TASK STATEMENT:
Your reply should consist only of the lines from the one holding "如何拍出主体清晰，背景虚化的效果？" to the last line of the data below, written out exactly and without pictures.

=== Begin Enclosure ===

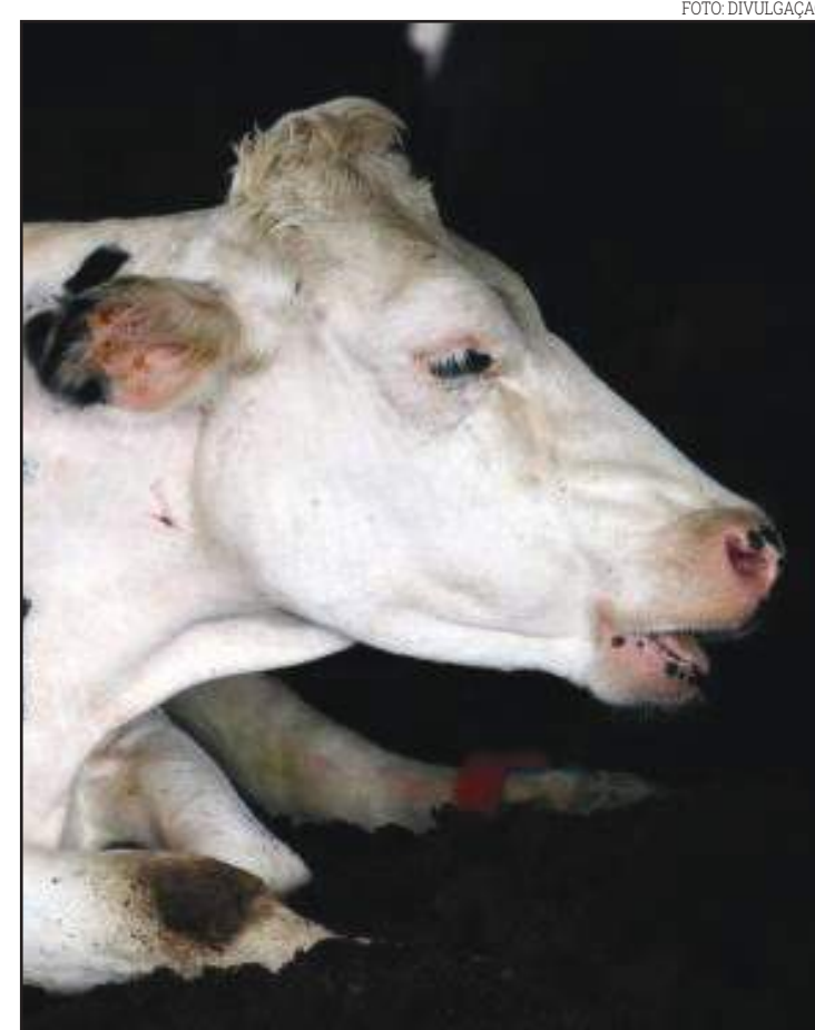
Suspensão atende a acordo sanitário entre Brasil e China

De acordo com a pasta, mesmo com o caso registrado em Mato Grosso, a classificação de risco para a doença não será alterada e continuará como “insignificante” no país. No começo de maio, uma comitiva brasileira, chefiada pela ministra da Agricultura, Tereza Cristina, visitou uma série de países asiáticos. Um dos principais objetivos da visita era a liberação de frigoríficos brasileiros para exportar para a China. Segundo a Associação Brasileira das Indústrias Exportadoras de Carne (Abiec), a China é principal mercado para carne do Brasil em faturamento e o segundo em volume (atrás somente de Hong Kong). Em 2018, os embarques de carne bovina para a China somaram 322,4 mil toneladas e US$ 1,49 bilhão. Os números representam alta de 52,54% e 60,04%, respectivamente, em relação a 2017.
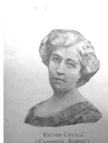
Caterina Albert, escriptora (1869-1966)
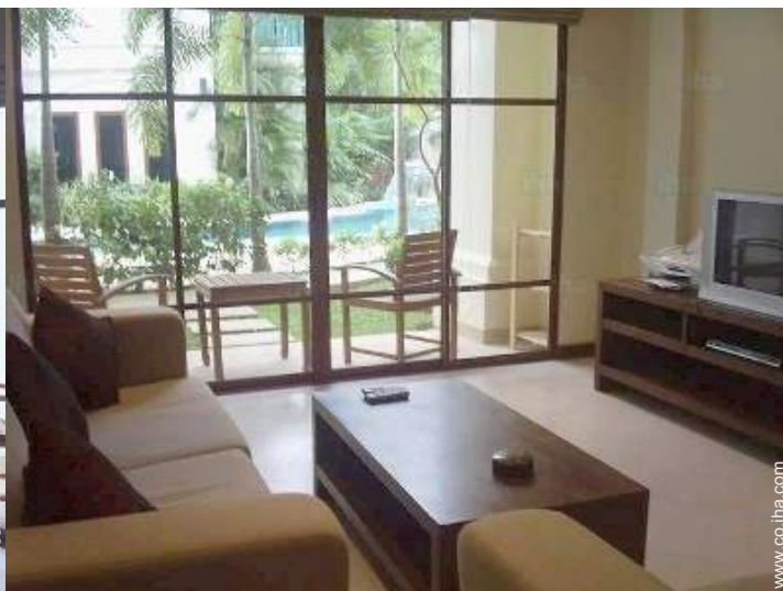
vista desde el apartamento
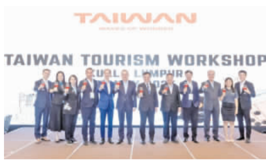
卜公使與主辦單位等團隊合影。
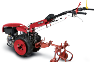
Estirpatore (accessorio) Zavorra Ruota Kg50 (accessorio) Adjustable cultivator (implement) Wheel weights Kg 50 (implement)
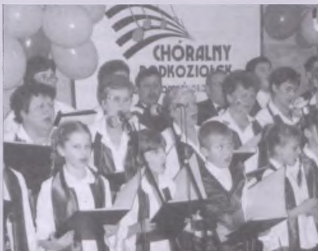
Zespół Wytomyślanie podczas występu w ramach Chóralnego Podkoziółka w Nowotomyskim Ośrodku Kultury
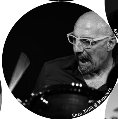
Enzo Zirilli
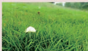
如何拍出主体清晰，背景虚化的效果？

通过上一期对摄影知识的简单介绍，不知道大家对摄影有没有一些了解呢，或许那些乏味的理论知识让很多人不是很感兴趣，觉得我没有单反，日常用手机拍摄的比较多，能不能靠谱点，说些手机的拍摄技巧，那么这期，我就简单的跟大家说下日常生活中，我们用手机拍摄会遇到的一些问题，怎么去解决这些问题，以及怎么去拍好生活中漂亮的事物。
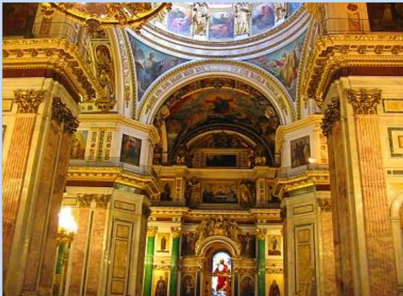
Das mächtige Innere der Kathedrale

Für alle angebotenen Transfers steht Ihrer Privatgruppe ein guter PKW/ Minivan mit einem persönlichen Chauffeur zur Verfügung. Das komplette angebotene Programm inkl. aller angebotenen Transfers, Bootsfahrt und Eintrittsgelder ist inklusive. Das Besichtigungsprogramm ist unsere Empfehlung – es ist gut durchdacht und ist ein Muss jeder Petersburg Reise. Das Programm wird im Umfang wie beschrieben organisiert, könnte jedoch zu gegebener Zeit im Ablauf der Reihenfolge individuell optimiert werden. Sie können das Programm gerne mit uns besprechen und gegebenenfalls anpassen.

=== End Enclosure ===

TASK SOLUTION:
如何拍出主体清晰，背景虚化的效果？

通过上一期对摄影知识的简单介绍，不知道大家对摄影有没有一些了解呢，或许那些乏味的理论知识让很多人不是很感兴趣，觉得我没有单反，日常用手机拍摄的比较多，能不能靠谱点，说些手机的拍摄技巧，那么这期，我就简单的跟大家说下日常生活中，我们用手机拍摄会遇到的一些问题，怎么去解决这些问题，以及怎么去拍好生活中漂亮的事物。
Das mächtige Innere der Kathedrale

Für alle angebotenen Transfers steht Ihrer Privatgruppe ein guter PKW/ Minivan mit einem persönlichen Chauffeur zur Verfügung. Das komplette angebotene Programm inkl. aller angebotenen Transfers, Bootsfahrt und Eintrittsgelder ist inklusive. Das Besichtigungsprogramm ist unsere Empfehlung – es ist gut durchdacht und ist ein Muss jeder Petersburg Reise. Das Programm wird im Umfang wie beschrieben organisiert, könnte jedoch zu gegebener Zeit im Ablauf der Reihenfolge individuell optimiert werden. Sie können das Programm gerne mit uns besprechen und gegebenenfalls anpassen.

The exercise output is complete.